I'm trying to sort different sentences from a text file according to the part of speech of the specified word in each sentence. For example: Given the big [house] and the {red} flower, I want to create two dictionaries such as dict1

{house: ["the big house", "substantive"]

and dict2

{red: "the red flower", "adjective"}

This is the idea I came up with to later merge them and have a dictionary that contains the keyword as the main word from the sentence and a list with the sentence where I got it from and also its part of speech.

I've tried in multiple ways but it always end up mixing it all up without almost any order. This is the last I've tried an, though I know it could be better formatted and it's not the most clean solution, it's the most I've got it to work so far.

These are a sample from the sentences that I'm working with:

Es (duftete) nach Erde und Pilze
die [Wände] waren mit Moos überzogen.
Ihr zerrissenes [Gewand] war wieder wie neu
Er saß da wie verzaubert und schaute sie an und konnte seine Augen nicht {mehr} von ihr abwenden
Da sie durchscheinend waren, sahen sie aus wie aus rosa [Glas], das von innen erleuchtet ist.

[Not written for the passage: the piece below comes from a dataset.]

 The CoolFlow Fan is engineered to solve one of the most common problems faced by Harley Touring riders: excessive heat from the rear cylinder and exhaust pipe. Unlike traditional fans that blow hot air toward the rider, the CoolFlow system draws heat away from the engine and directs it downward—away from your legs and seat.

and this is what I wrote to sort it:

def getWordsSelected (sentence):
    #the parameter sentence gets a list with the previous sentence sample showed
    global WordsDictionary
    WordsDictionary = {}

    verbDict = {}
    subsDict = {}
    adjDict = {}
    
    for wordSentenceToSearch in sentence :
        #SUBSTANTIVE 

        startSubstantive = wordSentenceToSearch.find("[")
        endSubstantive = wordSentenceToSearch.find("]")
        substringSubstantive = wordSentenceToSearch[startSubstantive:endSubstantive]
        wordToSearchSubstantive = substringSubstantive.strip("[]")

        
        subsDict [wordToSearchSubstantive] = [wordSentenceToSearch]
        subsDict.setdefault(wordToSearchSubstantive, []).append("substantive")

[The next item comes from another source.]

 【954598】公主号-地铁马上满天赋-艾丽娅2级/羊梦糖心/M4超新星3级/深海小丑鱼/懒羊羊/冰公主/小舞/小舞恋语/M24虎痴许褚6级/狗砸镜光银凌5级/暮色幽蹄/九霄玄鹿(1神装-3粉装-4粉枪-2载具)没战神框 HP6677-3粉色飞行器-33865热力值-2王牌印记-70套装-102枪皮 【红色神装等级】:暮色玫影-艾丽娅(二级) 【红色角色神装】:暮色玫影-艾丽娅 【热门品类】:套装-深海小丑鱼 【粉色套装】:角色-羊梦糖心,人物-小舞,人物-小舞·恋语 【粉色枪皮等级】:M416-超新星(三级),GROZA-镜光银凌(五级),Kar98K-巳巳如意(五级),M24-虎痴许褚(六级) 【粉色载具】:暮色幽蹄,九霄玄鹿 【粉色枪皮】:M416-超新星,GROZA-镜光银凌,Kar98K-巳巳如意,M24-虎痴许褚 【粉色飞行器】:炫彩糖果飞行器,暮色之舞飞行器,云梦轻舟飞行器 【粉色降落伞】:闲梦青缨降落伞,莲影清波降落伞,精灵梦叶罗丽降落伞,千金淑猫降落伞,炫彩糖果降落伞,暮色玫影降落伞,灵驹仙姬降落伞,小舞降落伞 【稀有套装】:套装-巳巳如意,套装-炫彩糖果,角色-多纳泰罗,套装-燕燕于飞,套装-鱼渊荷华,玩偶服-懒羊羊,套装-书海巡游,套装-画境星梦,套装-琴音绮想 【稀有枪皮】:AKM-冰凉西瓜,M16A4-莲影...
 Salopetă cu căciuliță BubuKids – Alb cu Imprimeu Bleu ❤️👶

    for wordSentenceToSearch in sentence :

        #VERB
        startVerb = wordSentenceToSearch.find("(")
        endVerb = wordSentenceToSearch.find(")")
        substringVerb = wordSentenceToSearch[startVerb:endVerb]
        wordToSearchVerb = substringVerb.strip("()")

       
        verbDict [wordToSearchVerb] = [wordSentenceToSearch]
        verbDict.setdefault(wordToSearchVerb, []).append("Verb")
        
    for wordSentenceToSearch in sentence :

        #ADJ

        startADJ = wordSentenceToSearch.find("{")
        endADJ = wordSentenceToSearch.find("}")
        substringADJ = wordSentenceToSearch[startADJ:endADJ]
        wordToSearchADJ = substringADJ.strip(r"{}")

       
        adjDict [wordToSearchADJ] = [wordSentenceToSearch]
        adjDict.setdefault(wordToSearchADJ, []).append("ADJ")

    print(subsDict)
    print(verbDict)
    print(adjDict)

This almost works, however this is the result:

{'': ['Er saß da wie verzaubert und schaute sie an und konnte seine Augen nicht {mehr} von ihr abwenden', 'substantive'], 'Wände': ['die [Wände] waren mit Moos überzogen.', 'substantive'], 'Gewand': ['Ihr zerrissenes [Gewand] war wieder wie neu', 'substantive'], 'Glas': ['Da sie durchscheinend waren, sahen sie aus wie aus rosa [Glas], das von innen erleuchtet ist.', 'substantive']}

In the above dictionary it should show only substantives, and it almost does it except for the first element; where it adds the sentence of the highlighted word "mehr", which is not a substantive (And that's why it doesn't add any keyword, because it's not recognizing anything there with the parameters to qualify as a substantive, but it DOES however get it in there for some reason)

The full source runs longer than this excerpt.